Pero entonces ya es demasiado tarde. La culpa que se han echado a cuestas tiene que ser expiada, a menudo en una lucha consigo mismo que dura décadas y que resulta afanosa.
En el momento en que un hombre desperdicia la favorable oportunidad de la existencia terrenal e incluso se echa a cuestas nuevas culpas, ya sea a sabiendas o por ignorancia, el camino de la comprensión es entonces largo y difícil.
Las disculpas no tienen peso alguno en la cuestión.

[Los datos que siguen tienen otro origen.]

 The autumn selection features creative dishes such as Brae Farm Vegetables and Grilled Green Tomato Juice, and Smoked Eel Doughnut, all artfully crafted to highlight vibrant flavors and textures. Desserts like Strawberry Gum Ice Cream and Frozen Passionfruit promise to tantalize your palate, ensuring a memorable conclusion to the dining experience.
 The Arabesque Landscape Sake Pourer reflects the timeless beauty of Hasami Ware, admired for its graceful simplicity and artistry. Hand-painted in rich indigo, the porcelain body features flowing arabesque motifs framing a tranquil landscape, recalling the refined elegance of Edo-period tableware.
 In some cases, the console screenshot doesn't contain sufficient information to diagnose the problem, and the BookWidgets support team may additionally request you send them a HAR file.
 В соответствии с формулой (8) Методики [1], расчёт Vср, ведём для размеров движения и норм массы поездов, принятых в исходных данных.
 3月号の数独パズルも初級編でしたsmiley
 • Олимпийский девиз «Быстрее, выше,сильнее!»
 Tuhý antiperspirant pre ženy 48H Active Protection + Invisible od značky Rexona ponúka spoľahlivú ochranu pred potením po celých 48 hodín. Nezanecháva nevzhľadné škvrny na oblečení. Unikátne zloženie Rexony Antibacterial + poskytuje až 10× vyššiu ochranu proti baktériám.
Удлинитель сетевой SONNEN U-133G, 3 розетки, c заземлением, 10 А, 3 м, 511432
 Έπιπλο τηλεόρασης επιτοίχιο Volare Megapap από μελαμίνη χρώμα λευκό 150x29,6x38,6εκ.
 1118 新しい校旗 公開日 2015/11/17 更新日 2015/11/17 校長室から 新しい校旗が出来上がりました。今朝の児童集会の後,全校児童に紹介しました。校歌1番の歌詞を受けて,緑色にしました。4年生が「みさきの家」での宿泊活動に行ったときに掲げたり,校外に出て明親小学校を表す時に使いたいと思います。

Cualquiera puede poseer este saber si así lo desea.
Aquel que tenga ganas de por una vez ver en la marcha de los efectos recíprocos la justicia divina, en contraposición a las opiniones terrenales, que se tome el trabajo de contemplar algún ejemplo de la vida terrenal y analizar cuál parte verdaderamente está asistida por la razón y cuál no. Ejemplos de este tipo puede encontrarlos a miles todos los días.
Entonces su propia facultad intuitiva no tardará en fortalecerse y volverse más viva, y en un final acabará desechando todos los prejuicios aprendidos por razón de deficientes modos de ver. Con ello surge una intuición de justicia en la que se puede confiar, ya que la misma, al reconocer todos los efectos recíprocos, acepta la voluntad de Dios y armoniza con ella en su existencia y su operar.